▸ Dataset records:
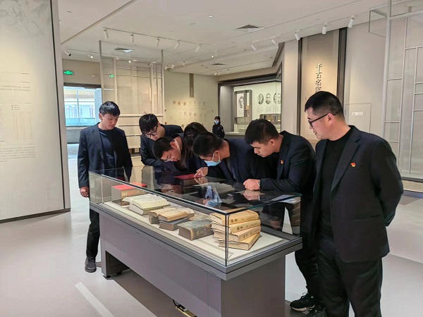 在“中國文字博物館”二期“徽文館”,黨員干部們依次參觀了“字書瓊林”“說文解字”“詞典類”等專題展區(qū),詳細(xì)了解了民俗文化中所蘊(yùn)涵的漢字文化、古文字從古至今的研究成果,從歷代書法名家的名作中感悟漢字書法藝術(shù)的菁華。
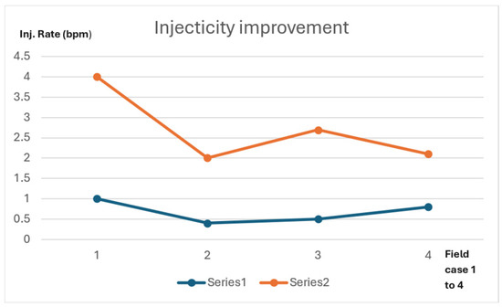 Injectivity increased by 2.5 to 5 times compared to the initial well performance.
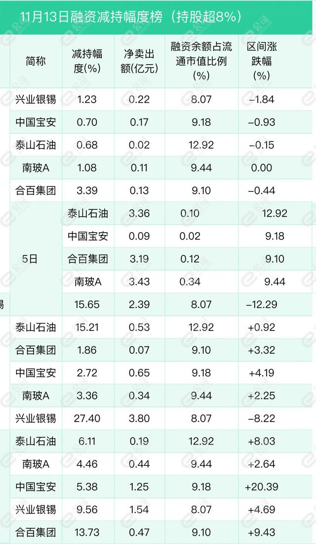兴业银锡、中国宝安、泰山石油遭融资减持幅度居前,分别为1.23%、0.7%、0.68%。
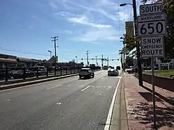 Takoma Park sits on the edge of the Mid-Atlantic fall line and is thus quite hilly, with many narrow, gridded streets. According to the United States Census Bureau, the city has a total area of 2.09 square miles (5.41 km2), of which, 2.08 square miles (5.39 km2) is land and 0.01 square miles (0.03 km2) is water.[41] Sligo Creek and Long Branch (both tributaries of the Northwest Branch of the Anacostia River) flow through the area. Sligo Creek Park and the 9-mile (14 km) Sligo Creek Trail bisect the area. The main street, Carroll Avenue, and the main state highway, Route 410/East West Highway, narrow to two lanes within city limits. Takoma Park has an extensive hardwood tree canopy which is protected by local ordinance.
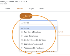 4. Return to this Classroom throughout the year to access this essential information. Use the Topic dropdown menu to find materials more efficiently. Contact information is provided for all ILM materials if you need department-specific support.

▸ TASK REQUIREMENTS: Find the line holding "Takoma Park sits" in the data above. Retype it and every later line exactly, through the end, but not the pictures.

▸ SOLVED EXERCISE:
 Takoma Park sits on the edge of the Mid-Atlantic fall line and is thus quite hilly, with many narrow, gridded streets. According to the United States Census Bureau, the city has a total area of 2.09 square miles (5.41 km2), of which, 2.08 square miles (5.39 km2) is land and 0.01 square miles (0.03 km2) is water.[41] Sligo Creek and Long Branch (both tributaries of the Northwest Branch of the Anacostia River) flow through the area. Sligo Creek Park and the 9-mile (14 km) Sligo Creek Trail bisect the area. The main street, Carroll Avenue, and the main state highway, Route 410/East West Highway, narrow to two lanes within city limits. Takoma Park has an extensive hardwood tree canopy which is protected by local ordinance.
 4. Return to this Classroom throughout the year to access this essential information. Use the Topic dropdown menu to find materials more efficiently. Contact information is provided for all ILM materials if you need department-specific support.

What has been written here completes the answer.